__Extracted data__.
++++++++++++++++++++
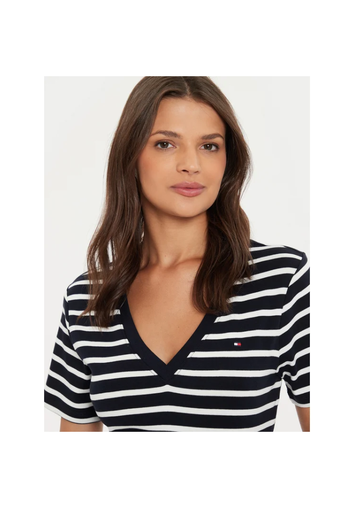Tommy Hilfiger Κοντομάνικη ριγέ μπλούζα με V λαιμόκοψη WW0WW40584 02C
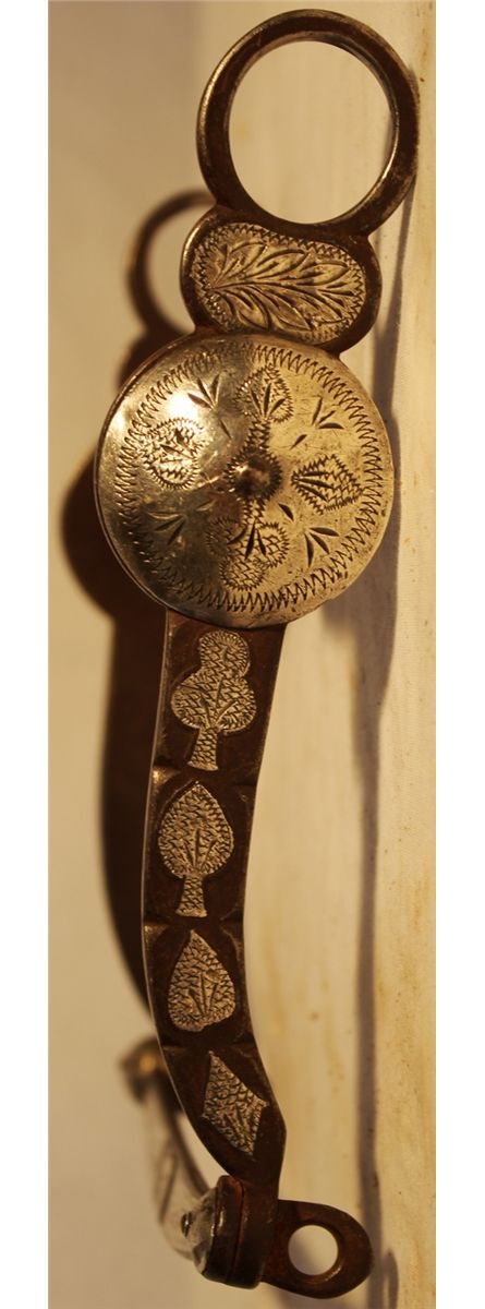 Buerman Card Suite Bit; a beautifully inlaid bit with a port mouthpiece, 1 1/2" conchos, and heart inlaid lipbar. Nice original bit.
++++++++++++++++++++
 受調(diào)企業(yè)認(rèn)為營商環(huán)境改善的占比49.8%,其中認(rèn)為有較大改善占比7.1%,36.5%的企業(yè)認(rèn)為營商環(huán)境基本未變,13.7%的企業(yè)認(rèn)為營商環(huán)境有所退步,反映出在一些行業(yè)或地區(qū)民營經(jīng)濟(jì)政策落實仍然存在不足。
++++++++++++++++++++
__Work to complete__.
Look above for the line containing "Tommy Hilfiger Κοντομάνικη", then write out every line from there down to the line containing "Buerman Card Suite", that line included, with no pictures.

__Answer area__.
Tommy Hilfiger Κοντομάνικη ριγέ μπλούζα με V λαιμόκοψη WW0WW40584 02C
 Buerman Card Suite Bit; a beautifully inlaid bit with a port mouthpiece, 1 1/2" conchos, and heart inlaid lipbar. Nice original bit.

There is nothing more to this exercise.